Friday, August 20, 2010

Necessity as the mother of invention

I'm sure you've heard the Plato's phrase "Necessity is the Mother of Invention".. .

A couple of weeks ago, I was introduced to someone who once again drove this home. His name is Matthew Browning. He's a nurse and founder of a really cool web application service called "Your Nurse is On". Here's his story...

As a senior nurse working in a hospital environment, he found that he was spending an enormous amount of time trying to hunt down other nurses to work shifts to cover for nurses who couldn't work on their scheduled shifts. Apparently, shifting shifts is really common and disruptive in the healthcare field. He would find himself calling one nurse after another to find out if they were interested and available in working the shift in question. The nurses would often be irritated at being bothered on their days off, and had little say over whether or not they would be asked to work the extra shifts.

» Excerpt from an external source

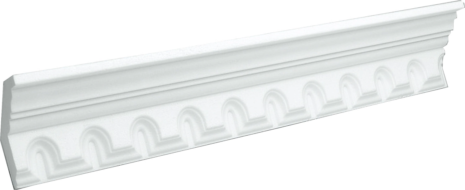 Плинтус потолочный инжекционный из пенополистирола делает переход от стены к потолку более гармоничным, закрывает неровные стыки между стеной и потолком.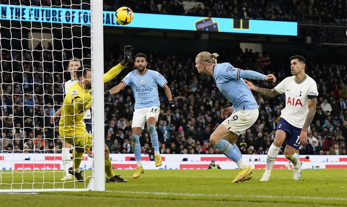 Erling Haaland kom sér nokkrum sínum í fína sénsa undir lok fyrri hálfleiks áður en gestirnir tóku forystuna. Ederson átti skelfilega sendingu frá marki sem var ætluð Rodri. Rodrigo Bentancur komst inn í sendinguna og fór boltinn þaðan til Dejan Kulusevski sem afgreiddi boltann í netið.

Finally, Matthew decided to do something about it. He created Your Nurse is On, a web-based service that instantly contacts the right nurses on their preferred devices. Nurses (supply) sign up and indicate all of their expertise, location and communication preferences. Administrators (demand) can simultaneously send out queries to qualified, interested nurses. Simple, elegant, solves one problem REALLY WELL. Matthew found that his own time in trying to schedule was cut from as much as 10 hours a week to about 10 minutes a week. WOW. Now, Matthew is still a nurse, but he's also CEO of a new small business that sells an award-winning SAS application -- Your Nurse is On (YNIO) -- that is helping nurse staffing nationwide. Awesome story.

Anyway... the lesson of Matthew is that focusing on YOUR OWN PROBLEMS is often one of the very best ways to have deep customer empathy and devise great solutions that really delight.